DCG8300は、1)と2)の両方の方式に対応しているだけでなく、複数のセル(ニッケル水素電池は10セルまで、リチウムイオン電池は4セルまで)をパックにした組電池を8個まで同時充電することが出来ます。スイッチング電源回路は全出力で共有しているので、電池の種類と直列セル数は共通でなければならないという制約がありますが、充電電流は個別に設定出来るので容量の異なる電池も同時充電出来ます。
対応する電池も、市場で一般的に使われている電池のほとんどの種類に対応しています(充電出来ない乾電池の放電特性を測定することも出来ます)。
5.DreamCharger DCG8300 の超高性能の秘密
■高効率スイッチング電源回路とパワーFETによる定電圧定電流回路を併用して超低ノイズ化。
一般的な安価な急速充電器は、スイッチング電源による定電流回路で直接電池を充電しています。そのため出力端子のノイズが多く、ニッケル水素電池の微小な儼を正確に測定するのは困難です。対策として、定期的に充電電流を止めて電圧を測定する方法がよく使われていますが、電流停止後ゆっくり電圧が下がるので測定値が不安定になります。
DCG8300は、ほとんどノイズが発生しないパワーFETによる定電圧定電流回路を
、可変電圧のスイッチング電源で駆動していますから、常時正確に電圧を測定出来ます。
安価な汎用急速充電器は、直列セル数が多い場合に高電圧を出力出来る昇圧型スイッチング電源回路を使用している機種が多いのですが、昇圧型は降圧型に比べて効率が悪くノイズも多くなります。
DCG8300は、効率が良くノイズも少ない同期整流方式降圧型スイッチング電源回路を使用し、さらにスイッチング電源回路の出力にノイズフィルタを加えていますから、理想的な電源回路となっています。
■4端子法による電圧測定で、配線抵抗による誤差を除去
大電流による急速充電では、出力端子のコネクタの接触抵抗やコネクタから電池までの配線の抵抗による電圧降下の影響が大きくなります。リチウムイオン電池は、充電電圧を正確に制御する必要があるのですが、安価な急速充電器は、配線等による電圧降下を見越して、高めの充電電圧に設定している場合があり、リチウムイオン電池の劣化を早めます。

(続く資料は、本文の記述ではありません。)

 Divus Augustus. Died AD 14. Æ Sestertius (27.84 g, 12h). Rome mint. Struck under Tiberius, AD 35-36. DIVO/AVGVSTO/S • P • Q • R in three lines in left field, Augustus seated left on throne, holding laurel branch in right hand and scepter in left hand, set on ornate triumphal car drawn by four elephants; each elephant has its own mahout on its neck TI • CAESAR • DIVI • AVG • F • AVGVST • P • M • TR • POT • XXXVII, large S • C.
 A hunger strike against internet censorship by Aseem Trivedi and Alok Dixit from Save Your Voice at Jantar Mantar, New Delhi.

DCG8300は、電流出力端子と電圧検出端子を分離した4端子方式なので、電圧検出配線を電池ソケットに接続することで、配線等による電圧降下の影響を除くことが出来ます。
■高性能A/Dコンバータ、D/Aコンバータを使用
安価な急速充電器は、制御用のマイコンに内蔵されたA/Dコンバータで電圧や電流を測定しています。内蔵されたA/Dコンバータは10bit(1024分の1の分解能)が一般的で、良くても12bit(4096分の1の分解能)程度です。しかも、単体のA/DコンバータICより精度が悪いので、ニッケル水素電池の微小な儼を正確に測定するのは困難です。出力電流を設定するD/Aコンバータはマイコンに内蔵されていないことが多く、代わりにマイコンに内蔵されているPWM(パルス幅変調)出力をローパスフィルターで直流化することでD/Aコンバータの代用とすることが多くなります。その場合、出力にリプル電圧が乗り、充電電流出力のノイズが増えることになります。

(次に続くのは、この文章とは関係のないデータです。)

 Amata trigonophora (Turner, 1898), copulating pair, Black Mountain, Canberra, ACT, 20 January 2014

DCG8300は、本格的な高速高精度計測用A/Dコンバータ(16bit)・D/Aコンバータ(電流:12bit,電圧:16bit)を使用しているので、高精度な測定が行えます。また高速D/Aコンバータにより電流を変調することが出来るので、内部抵抗測定機能が実現しました。
■強力な冷却機構
安価な急速充電器は、出力電力の割に(たぶんコストを下げるため)非常に小型のケースに組み込まれていますから、長時間連続使用すると本体の過熱で停止する恐れがあります。

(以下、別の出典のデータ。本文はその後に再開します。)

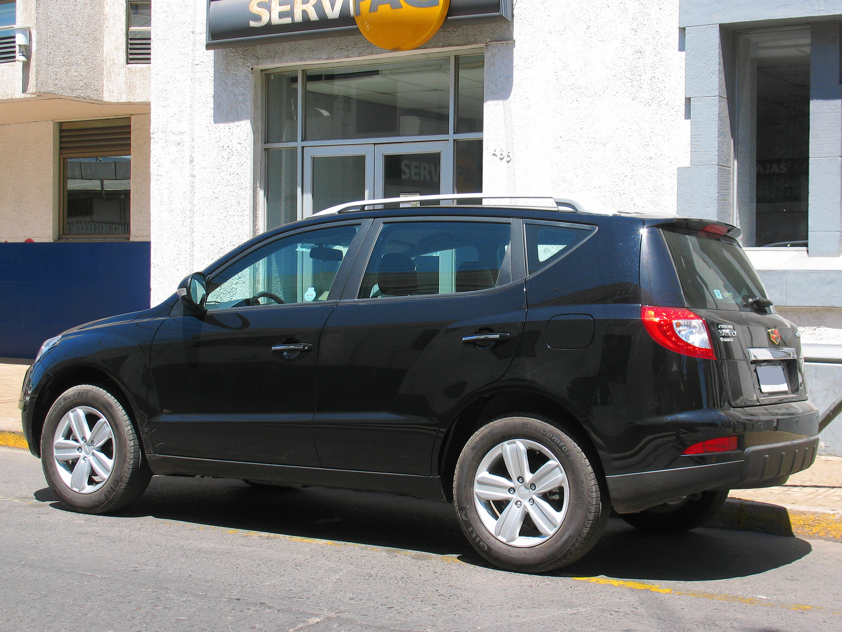 Emgrand EX7 2.0 GL 2014

DCG8300は、大型放熱板を吸気と排気の高速回転ファンで挟み込む構造のため冷却能力が高く、長時間の安定動作が期待出来ます。
6.番外編 アルカリ乾電池充電器の信憑性
世の中には、通常のアルカリ乾電池を充電出来ると称している怪しい充電器が出回っています。
本当にアルカリ乾電池は充電して再利用することが可能なのか?長年の疑問を解くために、容量測定で放電した電池を充電してみました。安全のため、0.1C(200mA)の低電流で30%(3時間)の充電に留めています。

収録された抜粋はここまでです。